O Irã anunciou planos de instalar e operar máquinas avançadas de enriquecimento de urânio, no que seria um salto tecnológico que lhe permitiria acelerar significativamente essa atividade que o Ocidente teme possa ser direcionada para o desenvolvimento de uma arma nuclear.

"Se o Irã decidir instalar centrífugas avançadas, isso poderia aumentar significativamente a produção de material enriquecido e aprofundar as preocupações já graves ... sobre a natureza exclusivamente pacífica do programa nuclear do Irã", disse uma porta-voz de Ashton.

O Irã nega que as atividades tenham qualquer intenção militar e diz que precisa de um programa nuclear para fins de pesquisa e de produção de energia.

França e Grã-Bretanha repetiram as preocupações de Ashton.
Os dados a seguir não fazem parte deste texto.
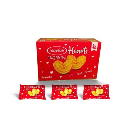 Heart-Shaped Puff Pastry Cookies - 24 Pack | Crispy Sweet Snacks for Tea Time, Gifts, Parties | Baked Treats (Rs. 10 Per Pack)

Um porta-voz do Ministério das Relações Exteriores francês disse que o anúncio iraniano é um "sinal negativo" antes de possíveis negociações entre o Irã e seis potências mundiais sobre a atividade de enriquecimento de urânio.

Ashton está supervisionando os contatos com o Irã sobre a questão nuclear em nome da França, Grã-Bretanha, Alemanha, China, Rússia e Estados Unidos e pediu ao Irã a realização de uma rodada de negociações neste mês.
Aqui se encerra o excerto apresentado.